=== What is being asked ===
Exact reproduction of the data is required, with images excluded.

=== Data provided ===
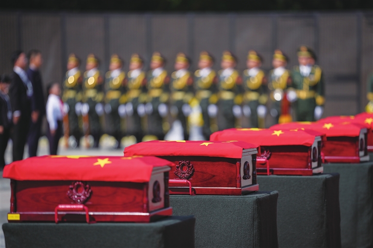 10时许,仪式正式开始,军乐队奏响婉转低回的《思念曲》,两侧标兵持枪肃立,礼兵护送志愿军烈士遗骸棺椁缓步进入纪念广场,全场奏唱中华人民共和国国歌。致祭文后,全体人员向志愿军烈士遗骸三鞠躬。27名礼兵连续鸣枪12响,向志愿军烈士致以崇高敬意。
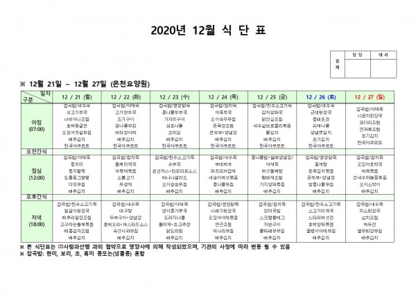 12월 넷째주 식단표 페이지 정보 작성자 은천노인복지회 작성일20-12-21 17:39 조회153,388회 댓글0건 관련링크 이전글 다음글 목록 답변 본문 . 이전글 다음글 목록 답변
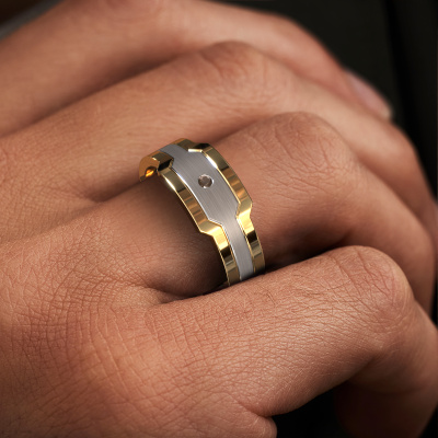 Dress to impress with this 2 Colours Guido men's ring, because with the right ring you make a strong personal statement. This Guido edgy men's ring is shown in 14 Carat white gold. If this doesn't suit your style, feel free to customize the precious metal to your liking. After all, you want a men's ring that matches your style. A ring that truly suits you. One saying: This is who I am!As soon as you finished designing your Guido men's ring with our online tool, our goldsmiths will start their creative process of making your ring. This will be done with passion and care, according ancient crafting. On top of that, our jewels are made of eco-friendly materials. Simply customize online with our online tool, if you want any changes made. If you want specific changes made to your Guido men's ring, that are unavailable in our online tool, please feel free to contact our expert designers.Our team of talented, passionate designers add new ring designs to our online collection daily. Our objective in doing so, is to be able to offer you a wide variety of jewels. Please feel free to request a quote if you have specific wishes for your ring. We guarantee to make you an offer you can't refuse.Because we design and deliver our own rings, we can offer you a ring at a price you won't find anywhere else. A ring is made to order, which helps prevent excess supplies, so we can make you a great price offer. We understand it feels risky, buying your ring online, but we will gladly assist in the designing process, taking your budget into consideration.To make it easier for you, we offer a 30 day return policy. Check our terms and conditions.
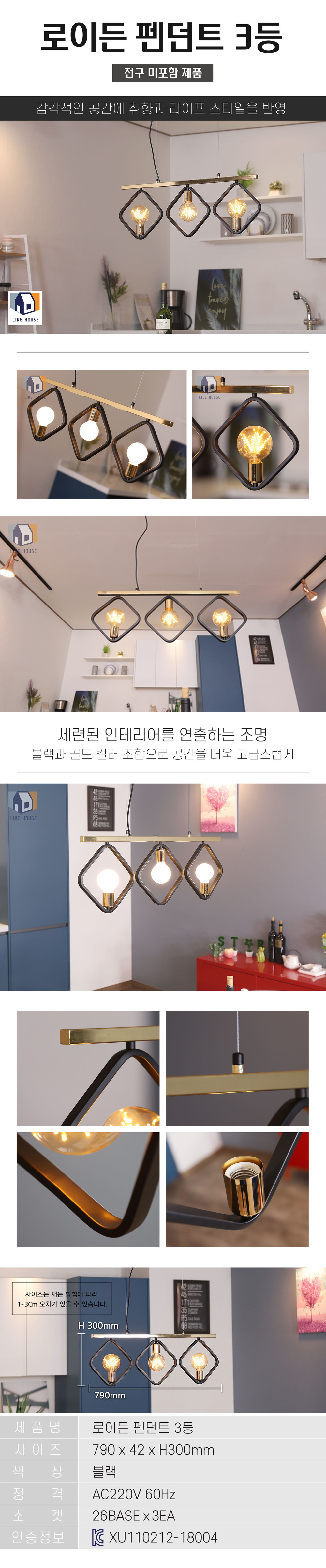로이든 3등 LED 펜던트 인테리어 카페 거실 주방 식탁 조명 포인트 전등

=== Result ===
 10时许,仪式正式开始,军乐队奏响婉转低回的《思念曲》,两侧标兵持枪肃立,礼兵护送志愿军烈士遗骸棺椁缓步进入纪念广场,全场奏唱中华人民共和国国歌。致祭文后,全体人员向志愿军烈士遗骸三鞠躬。27名礼兵连续鸣枪12响,向志愿军烈士致以崇高敬意。
 12월 넷째주 식단표 페이지 정보 작성자 은천노인복지회 작성일20-12-21 17:39 조회153,388회 댓글0건 관련링크 이전글 다음글 목록 답변 본문 . 이전글 다음글 목록 답변
 Dress to impress with this 2 Colours Guido men's ring, because with the right ring you make a strong personal statement. This Guido edgy men's ring is shown in 14 Carat white gold. If this doesn't suit your style, feel free to customize the precious metal to your liking. After all, you want a men's ring that matches your style. A ring that truly suits you. One saying: This is who I am!As soon as you finished designing your Guido men's ring with our online tool, our goldsmiths will start their creative process of making your ring. This will be done with passion and care, according ancient crafting. On top of that, our jewels are made of eco-friendly materials. Simply customize online with our online tool, if you want any changes made. If you want specific changes made to your Guido men's ring, that are unavailable in our online tool, please feel free to contact our expert designers.Our team of talented, passionate designers add new ring designs to our online collection daily. Our objective in doing so, is to be able to offer you a wide variety of jewels. Please feel free to request a quote if you have specific wishes for your ring. We guarantee to make you an offer you can't refuse.Because we design and deliver our own rings, we can offer you a ring at a price you won't find anywhere else. A ring is made to order, which helps prevent excess supplies, so we can make you a great price offer. We understand it feels risky, buying your ring online, but we will gladly assist in the designing process, taking your budget into consideration.To make it easier for you, we offer a 30 day return policy. Check our terms and conditions.
로이든 3등 LED 펜던트 인테리어 카페 거실 주방 식탁 조명 포인트 전등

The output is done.